**Available data:**
————

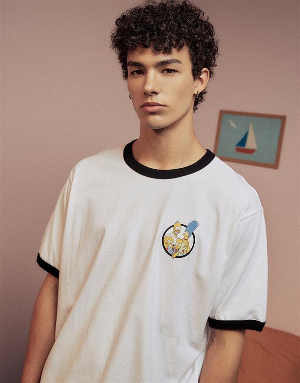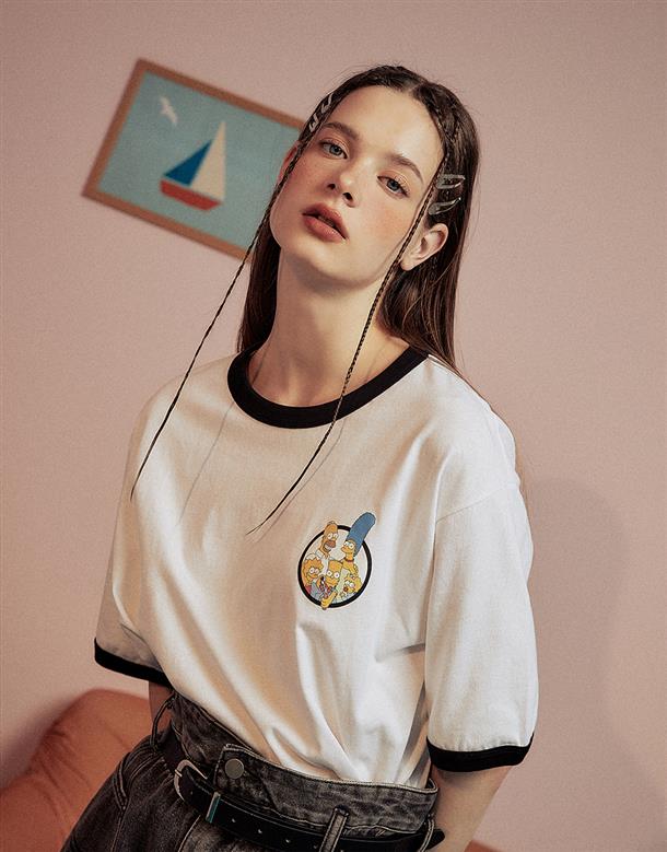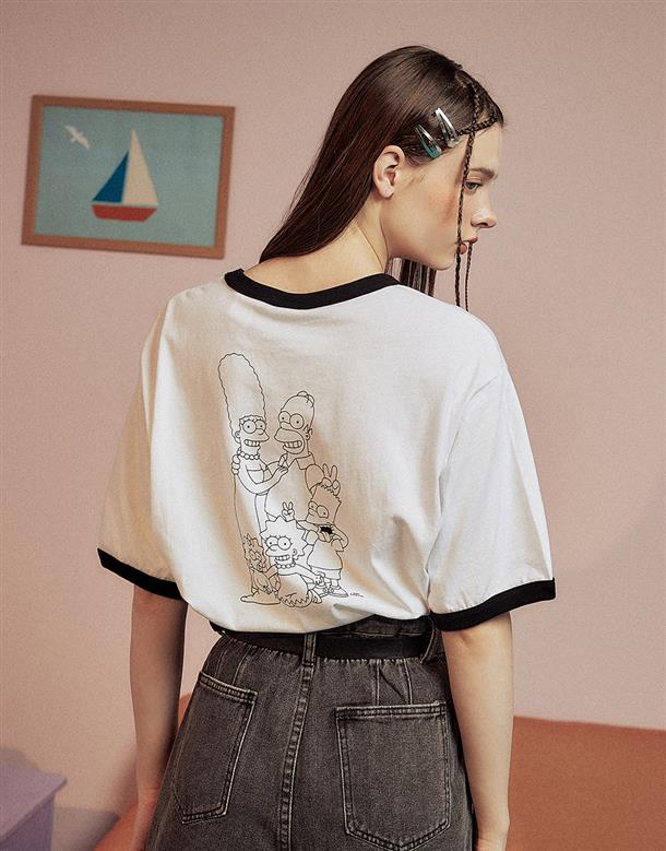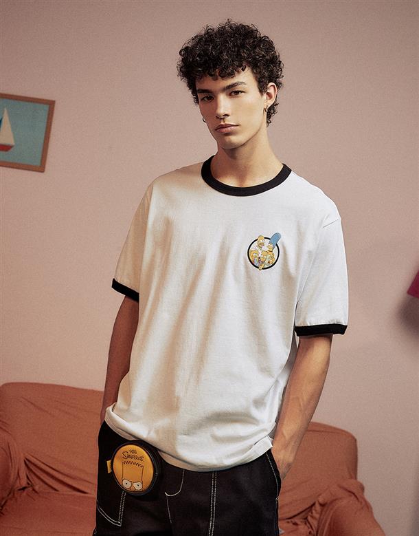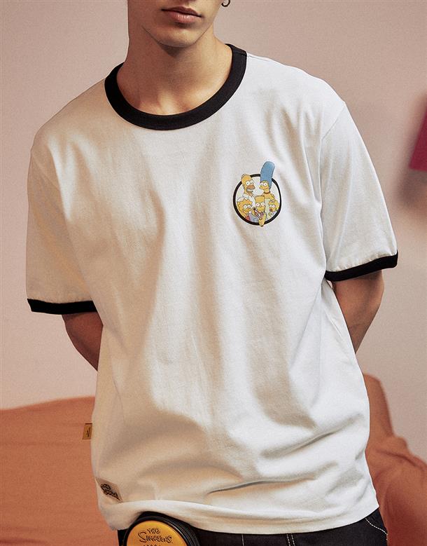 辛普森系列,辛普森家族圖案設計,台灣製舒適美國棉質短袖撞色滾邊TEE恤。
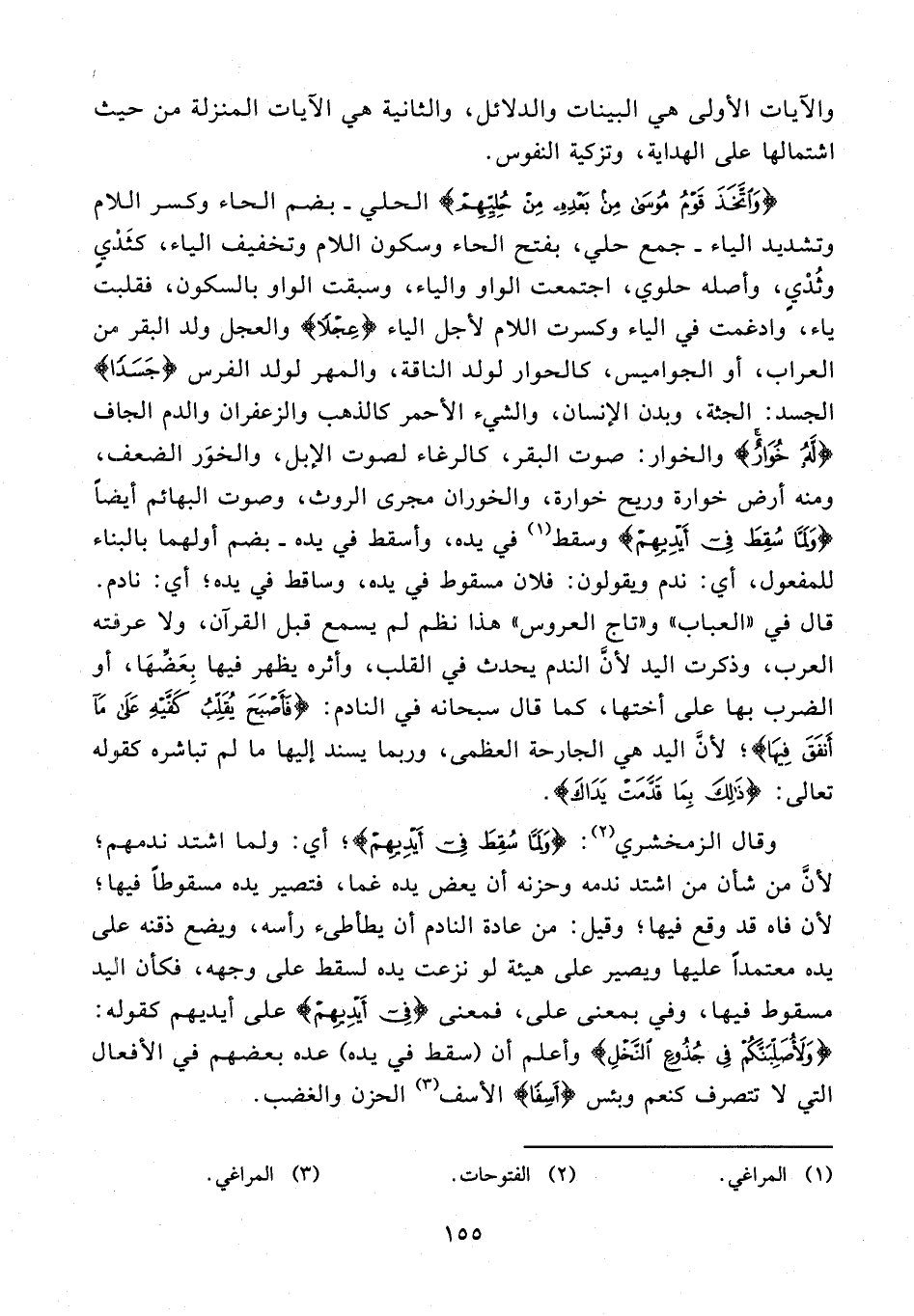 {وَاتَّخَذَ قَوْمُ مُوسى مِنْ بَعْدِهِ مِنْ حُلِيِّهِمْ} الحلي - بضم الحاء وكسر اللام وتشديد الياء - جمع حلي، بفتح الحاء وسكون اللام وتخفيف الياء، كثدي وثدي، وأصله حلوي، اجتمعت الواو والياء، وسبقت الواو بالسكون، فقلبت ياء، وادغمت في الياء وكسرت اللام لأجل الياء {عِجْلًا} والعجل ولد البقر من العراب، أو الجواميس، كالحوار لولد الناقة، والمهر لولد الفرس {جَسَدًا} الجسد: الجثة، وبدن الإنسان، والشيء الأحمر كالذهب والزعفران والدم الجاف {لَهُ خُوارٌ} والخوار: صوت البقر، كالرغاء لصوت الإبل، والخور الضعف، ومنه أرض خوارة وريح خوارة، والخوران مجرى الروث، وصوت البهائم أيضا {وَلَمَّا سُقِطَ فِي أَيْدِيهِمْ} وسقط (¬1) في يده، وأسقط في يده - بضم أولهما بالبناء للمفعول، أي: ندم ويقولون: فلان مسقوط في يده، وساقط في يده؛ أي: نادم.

————

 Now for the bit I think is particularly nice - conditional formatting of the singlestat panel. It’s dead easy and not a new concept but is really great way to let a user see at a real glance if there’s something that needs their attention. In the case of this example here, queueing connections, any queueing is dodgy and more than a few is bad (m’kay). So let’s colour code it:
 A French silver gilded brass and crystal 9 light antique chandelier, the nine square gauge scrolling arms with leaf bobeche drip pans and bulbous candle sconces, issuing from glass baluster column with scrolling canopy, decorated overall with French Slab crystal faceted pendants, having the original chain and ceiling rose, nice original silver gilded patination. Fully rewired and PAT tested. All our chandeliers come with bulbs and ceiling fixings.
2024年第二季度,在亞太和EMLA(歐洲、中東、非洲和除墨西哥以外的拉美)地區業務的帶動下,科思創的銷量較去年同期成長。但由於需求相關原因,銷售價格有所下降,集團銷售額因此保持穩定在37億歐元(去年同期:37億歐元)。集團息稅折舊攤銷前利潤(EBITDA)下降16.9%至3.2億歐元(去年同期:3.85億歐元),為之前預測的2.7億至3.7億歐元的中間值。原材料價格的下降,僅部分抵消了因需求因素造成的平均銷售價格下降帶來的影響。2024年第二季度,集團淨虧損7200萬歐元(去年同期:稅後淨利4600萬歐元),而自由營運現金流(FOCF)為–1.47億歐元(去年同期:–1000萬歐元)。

————

**Problem requirements:** The stretch of entries above that starts with the line containing "Now for the" and goes on through the line containing "2024年第二季度,在亞太和" is to be transcribed exactly, and no other line is to be transcribed.

**Task solution:**
 Now for the bit I think is particularly nice - conditional formatting of the singlestat panel. It’s dead easy and not a new concept but is really great way to let a user see at a real glance if there’s something that needs their attention. In the case of this example here, queueing connections, any queueing is dodgy and more than a few is bad (m’kay). So let’s colour code it:
 A French silver gilded brass and crystal 9 light antique chandelier, the nine square gauge scrolling arms with leaf bobeche drip pans and bulbous candle sconces, issuing from glass baluster column with scrolling canopy, decorated overall with French Slab crystal faceted pendants, having the original chain and ceiling rose, nice original silver gilded patination. Fully rewired and PAT tested. All our chandeliers come with bulbs and ceiling fixings.
2024年第二季度,在亞太和EMLA(歐洲、中東、非洲和除墨西哥以外的拉美)地區業務的帶動下,科思創的銷量較去年同期成長。但由於需求相關原因,銷售價格有所下降,集團銷售額因此保持穩定在37億歐元(去年同期:37億歐元)。集團息稅折舊攤銷前利潤(EBITDA)下降16.9%至3.2億歐元(去年同期:3.85億歐元),為之前預測的2.7億至3.7億歐元的中間值。原材料價格的下降,僅部分抵消了因需求因素造成的平均銷售價格下降帶來的影響。2024年第二季度,集團淨虧損7200萬歐元(去年同期:稅後淨利4600萬歐元),而自由營運現金流(FOCF)為–1.47億歐元(去年同期:–1000萬歐元)。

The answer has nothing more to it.